Midway through second semester, all the Honors English 9 teachers unleashed the monster that would cause the Freshman Class to lose a great deal of sleep. It came in the form of a 400-plus page book called Great Expectations by Charles Dickens, and it was excruciating to read.

But the English teachers mercilessly plowed on. Many of us gave up this long uphill battle and sought refuge in Sparknotes. And some probably never cracked it open.
It was certainly hard to resist temptation to take shortcuts.  Much of Great Expectations was merely Charles Dickens rambling on, indulging in his own dry jokes, jokes that were hardly relevant to the plot. He spent at least half a page describing how the frost on the window reminded him of a spider’s web. The plot of the book hardly warranted all the paper needed to print the thing.

The whole novel of Great Expectations could be condensed into 100 words or fewer. After all, the plot isn’t complicated, and Dickens’ habit of going off on a tangent was not only annoying, but distracting from the main story. It really just boils down to a chronicle of a poor boy who comes into a lot of money and tries to make his way into high society and get the girl he likes (see, that was fewer than 100 words). The plot could be condensed, Dickens’ rambles could be deleted, and the whole novel would be shorter, easier to understand, and more efficient.

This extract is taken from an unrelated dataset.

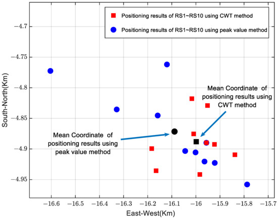 4.2. Effects of Three Electric Field Components for Positioning Accuracy on CWT Method

It was this same type of efficiency of language that George Orwell imagined in 1984. What, he reasoned, was the point of all those extravagant, superfluous and hard-to-understand words? Take “good” for example. Wonderful, superior, excellent, superb and fine also mean good. And to make matters even more complicated, there are all those antonyms for good: bad, awful, dreadful, horrifying, appalling–the list goes on. It was redundant to have so many words that meant the same thing, and it got in the way of communication.

The solution, Orwell said, was to get rid of the other words and just use good. Everyone understood what good meant. It was short, easy to use, easy to write and efficient.  For emphasis, use “ultra-good”.  For the antonym, use “un-good”. Do this for every word we use and the English language is so much more efficient.

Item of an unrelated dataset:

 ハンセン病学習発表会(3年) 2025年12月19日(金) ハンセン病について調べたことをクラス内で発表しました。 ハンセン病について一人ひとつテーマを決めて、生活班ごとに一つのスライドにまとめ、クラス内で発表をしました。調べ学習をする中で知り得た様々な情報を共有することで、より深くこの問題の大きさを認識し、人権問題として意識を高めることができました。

But say those words out loud, and you’ll sound terse and unnatural, like a machine.

If all of Great Expectations was written like this, it would definitely be shorter and it would be easier to read. However, the book would also seem empty and bare. It would seem devoid of meaning, even though the plot would be condensed. The book would no longer be Dickens’ novel; it would be a timeline of events.

The stuffy diction Dickens uses, the (extremely lengthy) way he writes descriptions, the excruciating details of Pip eating bread and butter and the dry comments are just as important to the book as the plot, because the point of language isn’t only utility, and because less isn’t always more.

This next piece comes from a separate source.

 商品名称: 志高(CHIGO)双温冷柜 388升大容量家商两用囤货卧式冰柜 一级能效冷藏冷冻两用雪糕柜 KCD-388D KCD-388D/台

Language is what makes Dickens and his writing unique, just like his billy-goat beard, tufty hair and triangle-shaped head; it’s what makes all of us unique.

So for once, skip the Sparknotes and view a work of literature—no matter how much it rambles, or how many times it uses “thou” and “wherefore”—for what it is: a way for a writer to communicate his or her message to the public, using whatever literary style he or she feels is most effective.